A person commits larceny when, “with intent to deprive another of property or to appropriate the same to himself or to a third person, he wrongfully takes, obtains or withholds such property from an owner thereof.” (Penal Law, § 155.05, subd 1.) Where a larceny is committed by trespassory taking, a thief’s responsibility for the crime is not diminished because his act of carrying away the loot (asportation) is frustrated at an early stage. Thus, a shoplifter who exercises dominion and control over the goods wholly *984inconsistent with the continued rights of the owner can be guilty of larceny even if apprehended before leaving the store (People v Olivo, 52 NY2d 309), a car thief who starts the car can commit larceny before he actually drives the automobile away (People v Alamo, 34 NY2d 453), and a pickpocket can be guilty of larceny even though his removal of the victim’s possessions is interrupted before completion (Harrison v People, 50 NY 518). By the same token, one who learns of a larceny while it is in progress and assists its perpetrator cannot avoid accomplice liability merely because such participation occurs after the principal, for purposes of his own liability, has technically completed the crime. (United States v Barlow, 470 F2d 1245.)

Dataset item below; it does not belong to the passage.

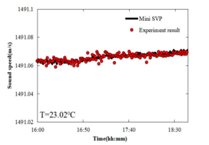 为了保证测得的超声波传播距离的准确性,使用气浮台确保水平状态。通过微调固定在平台上的反射镜M1和反射镜M2来实现两测量光路的平行。同时,调整反射镜M6在位移台上的位置,以使参考光路和测量光路具有相同的光程差。同理,调整了反射镜M7在位移台上的位置,并使用分束镜BS1(将频率梳分为两个垂直光束。光束进入双迈克尔逊干涉仪,两个测量光路被声波连续调制,利用光电探测器PD接收干涉信号。在实验过程中,在水箱中放置了温度传感器,盐度传感器和声速传感器,以实时监测温度和盐度。将测量结果与声速传感器进行比较,以验证该方法的准确性和可行性。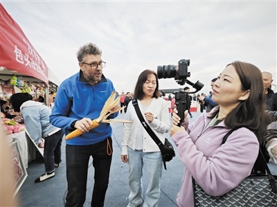 在包頭市婦聯(lián)巾幗好品展示區(qū),當?shù)貗D女的手工編織品非常受關(guān)注,大家紛紛駐足了解玉米皮工藝品、坐墊、手提筐等?!斑@幅畫非常漂亮,是用玉米皮做成的?!眮碜杂摹熬W(wǎng)紅”博主李·巴雷特認真聽了介紹,并錄制了短視頻。現(xiàn)場,熱情的村民紛紛與外國友人打招呼、聊天、合影留念。

The Appellate Division did not misapply these principles. Contrary to the view urged upon us by the People, the court did not decide, as a matter of law, that a larceny is complete for all purposes when the principal’s liability attaches. The court simply decided that in this case asportation — whether of the car, or of the wheels and tires — had ceased before defendant’s involvement. Where defendant first became involved the day after theft of the car, where the original perpetrators were not being pursued in the act of carrying away the loot, and where the removal of the wheels and tires took place some distance from the dealership, we cannot say that the court below was incorrect in its conclusion that asportation had ceased before defendant’s involvement.
The dissent reasons that if the original perpetrators intended only to steal the wheels and tires, the larceny would not be complete until these components were removed from the car. Under the proposed new rule of law, a larceny of parts can never be complete until they are removed from the whole, however great the passage of time or distance between the original taking and the subsequent removal, and irrespective of intervening circumstances. We decline to adopt such a rigid rule, particularly in a case where the intent of the original perpetrators was never even an issue at trial.
The order is appealable to this court inasmuch as it was based “upon the law and such facts which, but for the determination of law, would not have led to reversal or modification” (GPL 450.90, subd 2, par [a]).